*** Data extract

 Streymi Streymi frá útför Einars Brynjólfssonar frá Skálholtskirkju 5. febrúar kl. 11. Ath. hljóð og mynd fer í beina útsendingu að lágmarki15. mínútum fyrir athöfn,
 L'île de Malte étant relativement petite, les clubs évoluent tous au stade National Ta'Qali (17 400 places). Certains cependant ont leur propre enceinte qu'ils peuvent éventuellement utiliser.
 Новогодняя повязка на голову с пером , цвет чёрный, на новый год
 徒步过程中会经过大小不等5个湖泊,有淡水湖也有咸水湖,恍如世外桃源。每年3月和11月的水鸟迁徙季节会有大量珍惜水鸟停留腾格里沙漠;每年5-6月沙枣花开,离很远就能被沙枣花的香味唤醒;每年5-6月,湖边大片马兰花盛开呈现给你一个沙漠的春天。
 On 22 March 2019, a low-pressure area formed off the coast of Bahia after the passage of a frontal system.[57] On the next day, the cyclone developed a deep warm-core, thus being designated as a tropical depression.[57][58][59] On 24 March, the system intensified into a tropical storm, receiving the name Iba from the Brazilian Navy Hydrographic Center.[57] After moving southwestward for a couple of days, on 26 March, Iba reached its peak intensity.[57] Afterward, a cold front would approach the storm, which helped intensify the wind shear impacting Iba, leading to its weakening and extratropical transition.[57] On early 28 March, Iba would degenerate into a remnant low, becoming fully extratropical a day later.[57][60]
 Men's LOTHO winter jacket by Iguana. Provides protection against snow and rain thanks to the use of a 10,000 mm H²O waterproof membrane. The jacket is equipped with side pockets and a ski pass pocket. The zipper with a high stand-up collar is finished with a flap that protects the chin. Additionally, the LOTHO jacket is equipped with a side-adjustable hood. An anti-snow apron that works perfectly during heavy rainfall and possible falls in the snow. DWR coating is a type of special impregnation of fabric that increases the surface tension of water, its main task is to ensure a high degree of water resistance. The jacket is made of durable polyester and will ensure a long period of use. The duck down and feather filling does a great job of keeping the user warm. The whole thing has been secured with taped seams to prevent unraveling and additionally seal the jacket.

******
*** Data extract

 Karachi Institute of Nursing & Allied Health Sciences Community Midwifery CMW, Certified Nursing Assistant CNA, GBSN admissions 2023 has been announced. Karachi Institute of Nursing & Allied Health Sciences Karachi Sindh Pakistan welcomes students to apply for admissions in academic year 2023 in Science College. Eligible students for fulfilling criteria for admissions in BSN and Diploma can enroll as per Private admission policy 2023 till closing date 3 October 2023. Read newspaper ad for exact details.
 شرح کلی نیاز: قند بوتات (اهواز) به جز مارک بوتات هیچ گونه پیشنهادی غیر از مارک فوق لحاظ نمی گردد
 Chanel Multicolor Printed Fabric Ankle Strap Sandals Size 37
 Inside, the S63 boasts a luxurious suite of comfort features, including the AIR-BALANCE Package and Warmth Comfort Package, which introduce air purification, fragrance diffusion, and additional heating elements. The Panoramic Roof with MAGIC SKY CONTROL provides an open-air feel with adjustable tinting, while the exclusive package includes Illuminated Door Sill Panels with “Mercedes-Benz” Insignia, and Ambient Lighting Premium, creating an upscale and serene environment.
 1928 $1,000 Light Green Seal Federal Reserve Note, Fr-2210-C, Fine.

******

**Task objective:** Return, from the material above, each line holding the string "which".

**Result:**
 On 22 March 2019, a low-pressure area formed off the coast of Bahia after the passage of a frontal system.[57] On the next day, the cyclone developed a deep warm-core, thus being designated as a tropical depression.[57][58][59] On 24 March, the system intensified into a tropical storm, receiving the name Iba from the Brazilian Navy Hydrographic Center.[57] After moving southwestward for a couple of days, on 26 March, Iba reached its peak intensity.[57] Afterward, a cold front would approach the storm, which helped intensify the wind shear impacting Iba, leading to its weakening and extratropical transition.[57] On early 28 March, Iba would degenerate into a remnant low, becoming fully extratropical a day later.[57][60]
 Inside, the S63 boasts a luxurious suite of comfort features, including the AIR-BALANCE Package and Warmth Comfort Package, which introduce air purification, fragrance diffusion, and additional heating elements. The Panoramic Roof with MAGIC SKY CONTROL provides an open-air feel with adjustable tinting, while the exclusive package includes Illuminated Door Sill Panels with “Mercedes-Benz” Insignia, and Ambient Lighting Premium, creating an upscale and serene environment.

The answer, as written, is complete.